I have decided that I shall continue in my blogging adventure while my wonderboy is off seeing the sights in The US of A, so that when he comes back I can look back at my pitiful excuse of a life without him here and rejoice at having him back. OR to show him while he's away and make him jealous of the awesome time I'm having without him. That all depends on 1. What I do while he's away and 2. What lies I tell about what I do while he's away..

So far, since he has been away, I spent the Monday night that he left watching a stupid chick flick (How to lose a guy in 10 days has to be the worst film I've ever watched that has still made me cry), eaten half a massive bar of Dairy Milk, sat up til 3am watching flights from Paris land safely in Boston, and cried ever so slighty. Today I ate the other half of the Dairy Milk, double checked that the flight had indeed landed safely, read nearly half of Derren Brown's book (while testing most of the tricks on myself), wrote countless e-mails to the wonderboy, dressed Eeyore up in my underwear, tidied my room from top to bottom, looked into becoming a cam girl..

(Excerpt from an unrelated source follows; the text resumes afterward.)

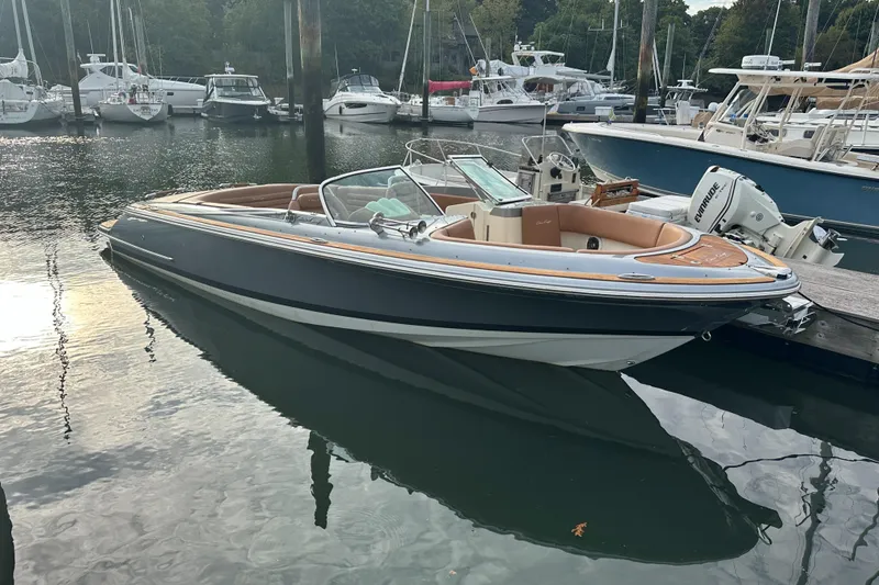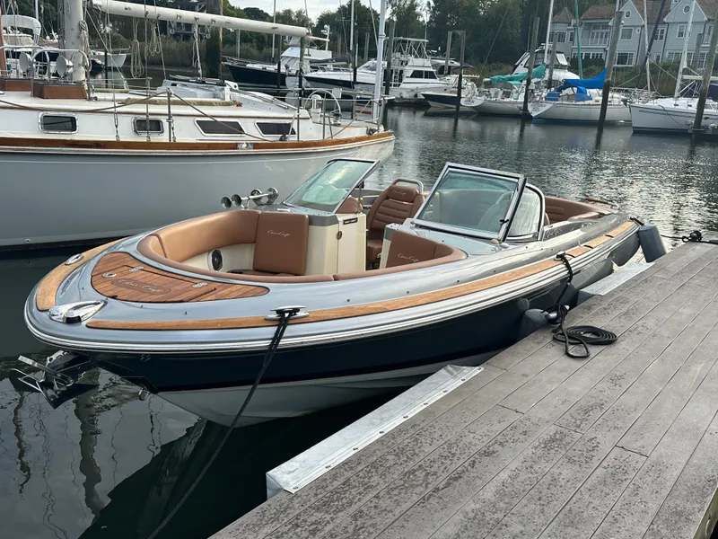 Classic Design: The Launch 25 features a timeless, elegant design that reflects Chris-Craft's rich heritage. Its sleek lines and quality craftsmanship make it a standout on the water. 2. Versatile Performance: Equipped with a powerful engine, the Launch 25 delivers impressive performance, whether you're cruising, waterskiing, or enjoying a leisurely day on the water. 3. Comfortable Seating: The boat offers ample seating for family and friends, with plush upholstery and strategically placed lounge areas that enhance the social experience on board. 4. High-Quality Materials: Chris-Craft is known for using premium materials, and the Launch 25 is no exception. The wood accents and stainless-steel fittings provide durability and a luxurious feel. 5. User-Friendly Features: The boat comes equipped with modern amenities, such as a well-designed helm with intuitive controls, making it easy for both seasoned boaters and newcomers to navigate. 6. Storage Solutions: The Launch 25 includes several storage compartments, allowing you to keep your gear organized and out of the way while maximizing space on deck.

Right, I'll pause there for a moment, because I must explain my reasoning behind this strange venture. I was looking into 'quick ways to make money on google' and besides talking dirty to random men on the phone, and meeting random men in real life to perform dirty acts, the third option was to do dirty things in front of men I neither had to see or talk to.

It seemed like a hilarious idea, and far from actually wanting to do it, I thought I would research the pros and cons of 'flashing the gash' on cam. I read a few interviews from 'ex cam girls' who have said what a great moneyspinner it is (oh sorry, if it's so great why is it 'ex cam girls?'). I also went through the process of applying to be said cam girl, only to find that they required not only pictures of the face, but full body shots. Now, I'm sorry, if you've ever perused a cam girl site you will not fail to notice that there are all sorts of munters on there, from skinny little polish girls who want money for their vajers farm, to overweight, overzealous American's who NEED money for their next Maccy D's Fix.. Anyway, cut a long story short, I couldn't bear to degrade myself to this level of debauchery (or so I want wonderboy to think) and I continued with my day..

The rest of my day went on talking to Wonderboy's mother, drinking beer with Zanna and Catherine and eating half of Zanna's chicken chow mein before crawling into bed, half cut and watching 'The Day After Tomorrow' -which could quite possibly be one of the most depressing films known to man!

While I was in my 'yard' talking to the wonderful Miranda and the ever delightful Catherine, we came across the subject of the 'Birds and the Bees'. Now, this is a common phrase, everyone knows what it means, and it tends to be something we only ever bring up in front of children who ask how they are made.
BUT do you actually know what the phrase means? Because, if we think about it, have you seen the size of even the smallest of birds compared to a bee? This is not something nature should take lightly.
I mean if there are actually birds fucking bees out there we should have some pretty strange hybird birbees out there right? (Notice how I spelt hybrid wrong there, I swear it was totally unintentional yet seems to work).
And if there are birds fucking bees then we must act on this, and stop those poor bees from being so totally violated. I mean, it would be like Rik Waller taking on Kate Moss, not only would it be painful, but the Waller-Moss babies would be truly disturbing.

So, we went on and looked into the 'Birds and Bees' theory on Wikipedia, and even that could share barely any light, other than to refer us back to an old shakespearean quote (go frikkin' figure). However, Shakespeare led us onto the old fail-safe of Shakespearean insults, and here are some of the best we found..
Thou clouted unchin-snouted fustilarian!
Thou puny fat-kidneyed vassal!
[Thou art] as fat as butter.
[Your] brain is as dry as the remainder biscuit after a voyage.

And so on and so forth. No, we don't know what half the words mean either, yet they made for a good giggle after a chinese and a couple of Kronies.

Alas, one is tired and must rest thy weary head (while some of us are living it up in the Cheers bar) and get some sleep.

Well, I say sleep, but this man that delivered the Chinese is so persistent on getting his head down (and I'm not talking on the pillow) that I best dash.

Haha, Wonderboy knows I love him really.